File Processing Capabilities

Lorph extracts text from attached files locally in the browser before sending the context to the backend.

  • Images (JPEG, PNG): OCR text extraction via Tesseract.js.
  • PDF: Multi-page text extraction via PDF.js.
  • Word (DOCX): Raw text extraction via Mammoth.
  • Excel (XLSX): Row-column parsing via read-excel-file.
  • Plaintext / Code: Direct file read (TXT, MD, JSON, CSV, JS, TS, PY, etc.).

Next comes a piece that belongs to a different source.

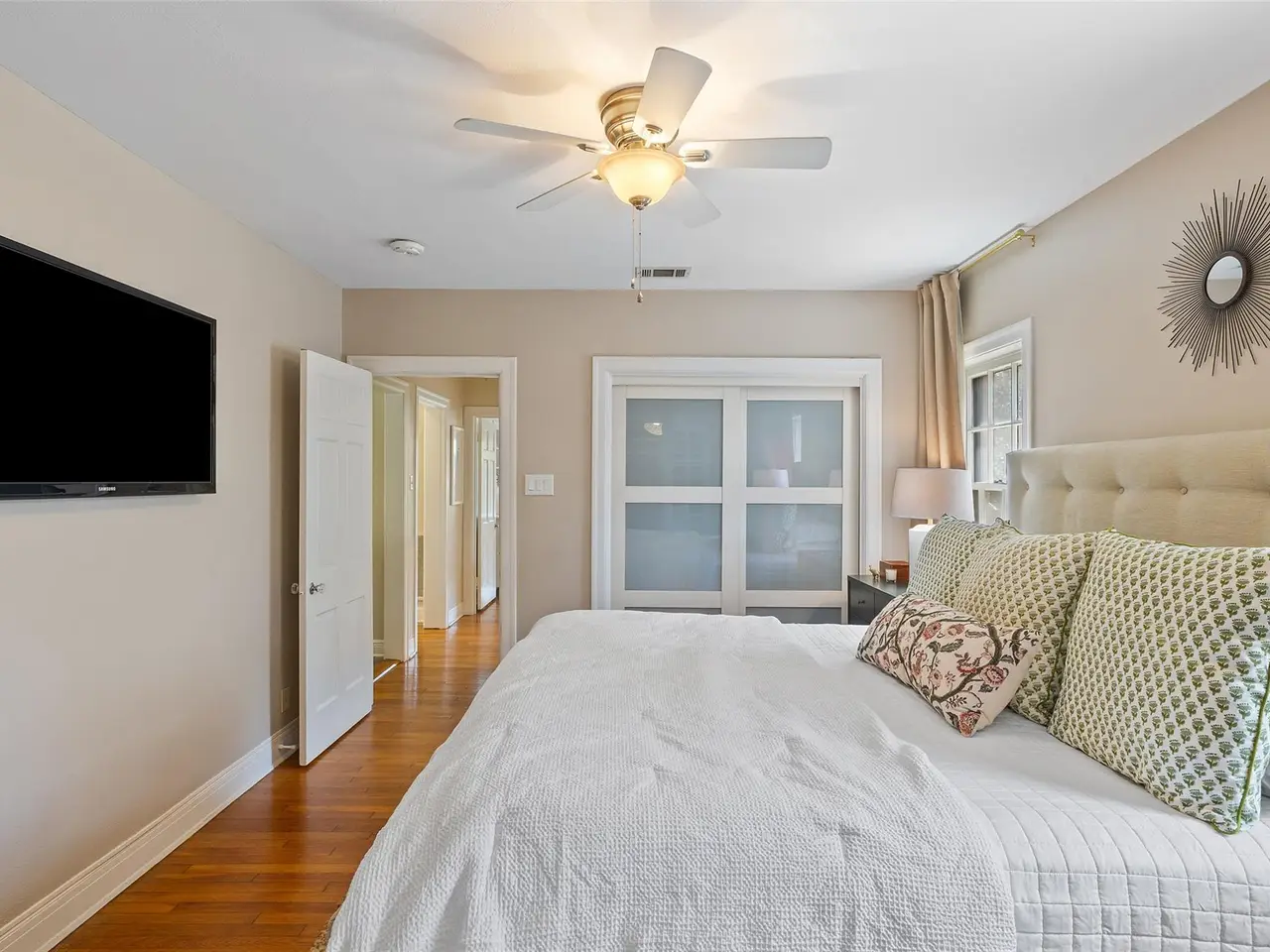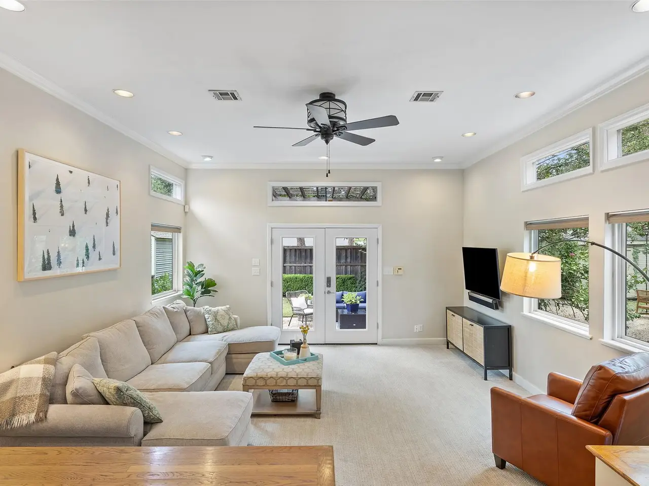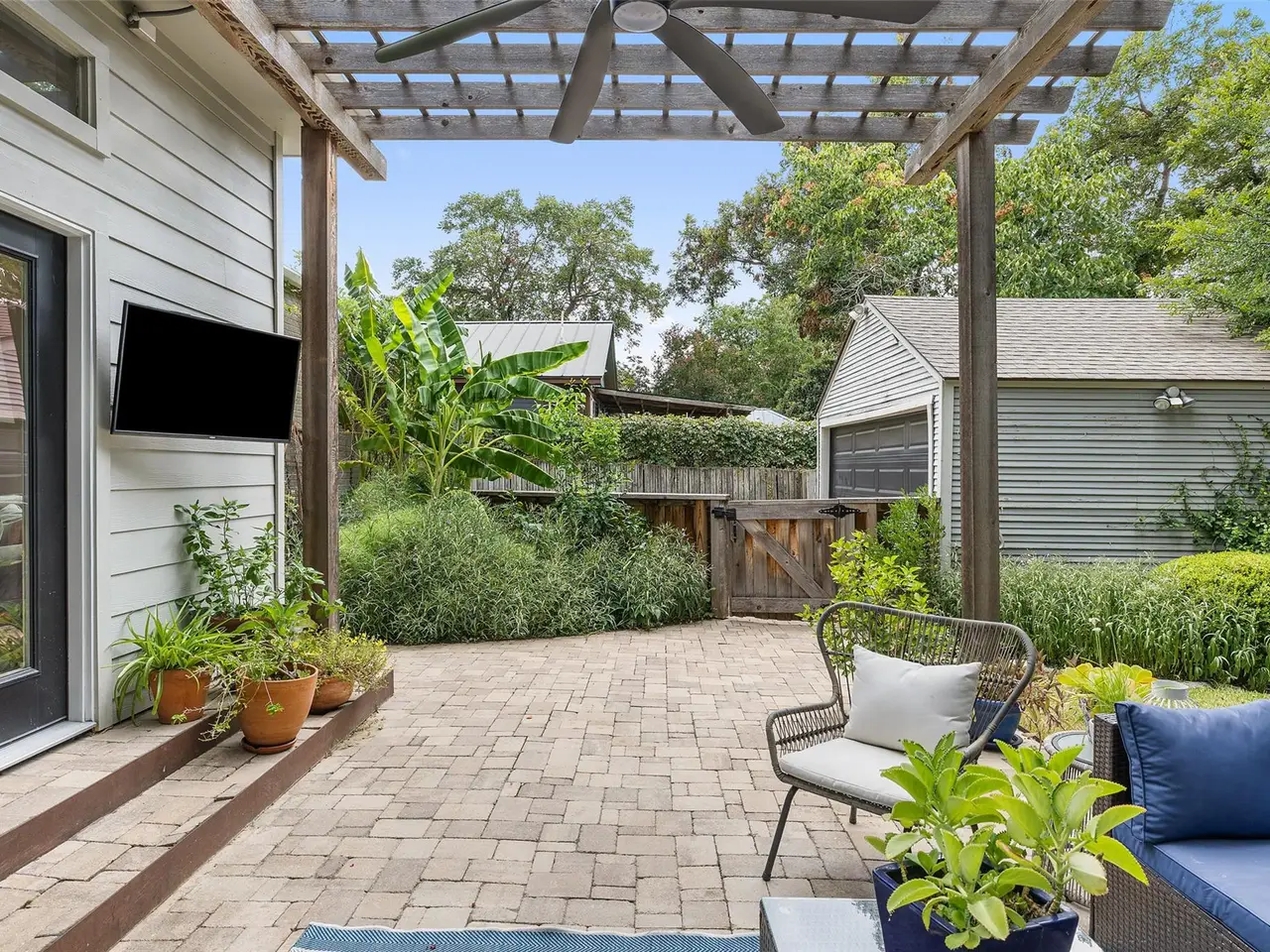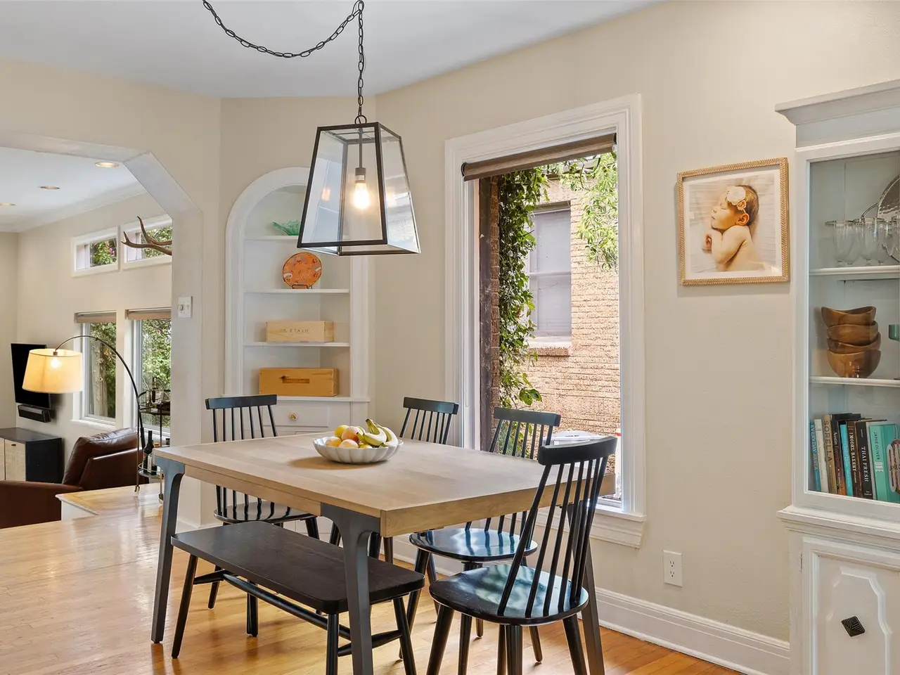 Welcome to 1510 Hartford Road, a timeless 1940 residence lovingly updated to pair modern comfort with classic character. From the moment you step inside, the charm is undeniable--corner windows in the front living room frame views of the porch and yard, bathing the space in natural light. This inviting area flows into the kitchen and dining room, where dark green cabinetry, counter seating, and a statement chandelier strike the perfect balance of style and function.Just beyond, a sunken living room offers a cozy yet open atmosphere with built-in shelving, expansive windows, and French doors to the backyard. It's a versatile space--ideal for gatherings, quiet evenings, or simply enjoying the home's abundant natural light.The primary suite has been re-imagined as a true retreat. A custom walk-in closet with a center island connects seamlessly to a light-filled bathroom featuring dual vanities and fresh, modern finishes. A spacious second bedroom and full bath complete the interior, offering comfort and flexibility for guests, family, or a home office.Out back, a covered porch with a mounted TV sets the stage for relaxed evenings, while the grassy lawn offers room for pets, play, or gardening. A detached two-car garage with a long private driveway adds convenience and storage.Situated in the coveted Old Enfield neighborhood, 1510 Hartford Road places you moments from Clarksville's shops, restaurants, and parks, as well as the University of Texas, the Texas Capitol, and Downtown Austin. With its rich character and central setting, this home is a true Central Austin treasure.

Web Search Integration (Deep Research)

The backend handles web research through an iterative, multi-step process that generates targeted queries, runs parallel searches, filters and deduplicates discovered URLs, scrapes selected pages, and synthesizes a final answer with inline citations:

  1. Initial Intent Parsing: The LLM analyzes the user's core intent and generates an initial batch of 15-20 highly specific search queries.
  2. Iterative Research Loop (Depth of 3): The engine performs 3 complete cycles of research. In each cycle, it:
    • Executes parallel searches across DuckDuckGo Lite and YouTube for all current queries.
    • Discovers and deduplicates candidate URLs across multiple search rounds before selecting a smaller subset for deeper scraping.
    • Deeply scrapes prioritized URLs using proxy fallbacks when needed, extracting core text, OpenGraph images, and embedded videos via Cheerio.
    • Analyzes the newly gathered context to generate another 15-20 highly targeted queries for the next iteration to fill knowledge gaps.
  3. Source Tracking & Deduplication: Across the 3 iterations, the engine continuously tracks, filters, and deduplicates discovered sources.
  4. Synthesis & Citation: The most relevant extracted context is sent to the LLM to synthesize a comprehensive final response with inline citations and embedded rich media.

Note

Notes:

  • Deep research discovers more sources than it deeply reads.
  • Link deduplication happens during source collection.
  • Image OCR is currently configured with English recognition.
  • In development, the frontend is served through Vite middleware mounted inside the Express server.

Contributing

  1. Fork the repository.
  2. Create a new branch (git checkout -b feature/YourFeature).
  3. Commit your changes (git commit -m 'Add some feature').
  4. Push to the branch (git push origin feature/YourFeature).
  5. Open a Pull Request.

License

This project is distributed under the MIT License. See the LICENSE file for details.